The real reason computers can’t read is that they lack even a basic understanding of how the world works.Gary Marcus and Ernest Davis
To read and understand what it read, AI would need real-world experience from which to infer meaning. Understanding even a simple passage from a children’s book would require enormous amounts of knowledge about the world. Watson, the machine that excelled at Jeopardy, scanned Wikipedia for 95% of its answers.
AI doesn’t understand what it translates, and is of little use in high-stakes situations, such as interpreting a doctor’s notes. It doesn’t understand how words relate to parts of sentences – what linguists call “compositionality.” “Classical” AI is good at compositionality and creating cognitive models, but terrible at learning. Deep learning can sort immense amounts of data, but can’t understand it. Both lack crucial common sense.
Robot Butlers
Fears that superintelligent robots will rise up and conquer humankind are pure fantasy. Robots can’t turn even doorknobs or climb stairs, and contradictory signals confuse them. Their batteries need recharging. Robots perform one specialization in perfectly symbiotic environments. They can’t function in unknown terrain without human guidance.
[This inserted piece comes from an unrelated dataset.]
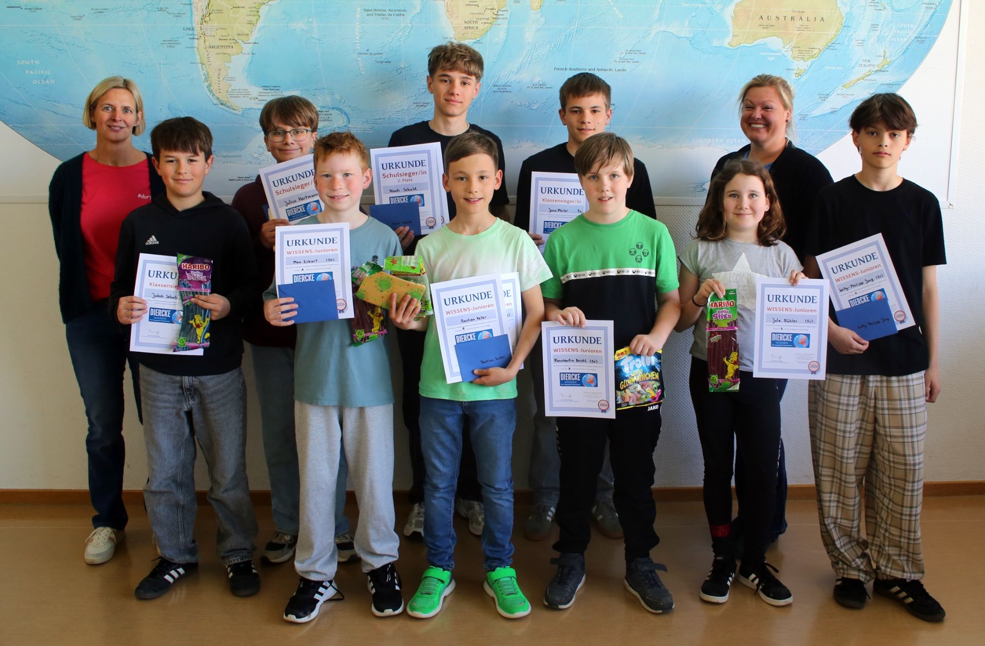Für ihre starken Leistungen durften sich alle drei Schulsiegerinnen und -sieger sowie die besten Wissensjunioren über Gutscheine und eine süße Aufmerksamkeit freuen – großzügig gesponsert vom Elternbeirat. Herzlichen Dank dafür! Das ist sicher ein zusätzlicher Ansporn, im nächsten Jahr wieder anzutreten – und vielleicht noch eine Schippe draufzulegen.

Hardware exists that can run driverless cars and navigate the terrain on Mars, but lacks robust software. This software must do five things to demonstrate basic intelligence: It must know where it is, what is happening in its environment, what it must do that moment, how to implement a plan, and it must have a mechanism for achieving long-term goals. To accomplish any of this in real time, the machine must constantly cycle through the “OODA loop”: Observe, orient, decide and act.
Making a robot adapt to changes in its environment and react appropriately remains problematic. The robot requires “situational awareness” – anticipating what might happen next. While deep learning might identify many things in its environment, it cannot comprehend relations between objects, such as a mouse in a mousetrap.
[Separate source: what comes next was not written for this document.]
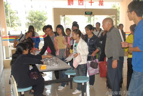 设在教学楼大厅的报到处繁忙有序

Marcus and Davis offer these points to demonstrate the difficulties of creating AI intelligence that matches human intelligence: No “master algorithm” that reduces intelligence to one principle exists. Extracting words from their context in sentences destroys nuance. Intelligence requires integrating top-down – prior knowledge of the world – and bottom-up – knowledge people gain from experience – knowledge. Causal inferences fuel comprehending the world. The mind is not a “blank slate.” Nature and nurture don’t compete for dominance, but work in tandem.
Ethical Framework
Trust matters when building AI systems that will control how people navigate the world or make decisions about health and safety. For AI to be safe and reliable, it must undergo frequent debugging, testing and verification protocols with rigorously maintained backups.
Can you construct an AI with enough of a theory of the world to turn all the matter of the universe into paper clips, and yet remain utterly clueless about human values?Gary Marcus and Ernest Davis
Simple ethics to “cause no harm” prove problematic in a complex world – as, for example, choosing to steal medication to save a woman’s life. Programming a machine to resolve moral dilemmas is impossible today and will be difficult tomorrow.
A Relief
Marcus and Davis provide a genuine service: They fuel skepticism with incontrovertible facts. So the next time a media outlet or tech start-up touts a new, supposedly world-altering AI, you can ignore them and nod knowingly. Marcus and Davis, experienced authors, prove an evocative and highly readable team. They couch scientific and technological knowledge – and scientific and technological confusion – in comprehensible layperson’s language. Their goal is to enable laypeople to recognize AI myths or hype when it appears – and it appears all the time. Investors in particular will benefit from the authors’ informed pragmatism.